+++ Record extracts +++

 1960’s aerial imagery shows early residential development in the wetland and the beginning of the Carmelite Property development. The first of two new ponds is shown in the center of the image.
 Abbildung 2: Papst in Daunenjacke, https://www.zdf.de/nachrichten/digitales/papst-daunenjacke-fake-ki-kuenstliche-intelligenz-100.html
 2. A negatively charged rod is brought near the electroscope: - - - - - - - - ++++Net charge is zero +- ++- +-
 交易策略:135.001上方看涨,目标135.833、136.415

+++
+++ Record extracts +++

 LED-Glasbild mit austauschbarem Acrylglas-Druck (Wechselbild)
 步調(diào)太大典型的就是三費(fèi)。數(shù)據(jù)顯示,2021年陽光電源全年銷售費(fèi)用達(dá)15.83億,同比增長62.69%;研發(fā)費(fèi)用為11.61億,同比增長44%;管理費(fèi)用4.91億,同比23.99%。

+++

Task to carry out:
All lines above from the one with "2. A negatively" to the one with "交易策略:135.001上方看涨,目标135.833、136.415", inclusive, should be copied exactly, and no other lines.

Exercise result:
 2. A negatively charged rod is brought near the electroscope: - - - - - - - - ++++Net charge is zero +- ++- +-
 交易策略:135.001上方看涨,目标135.833、136.415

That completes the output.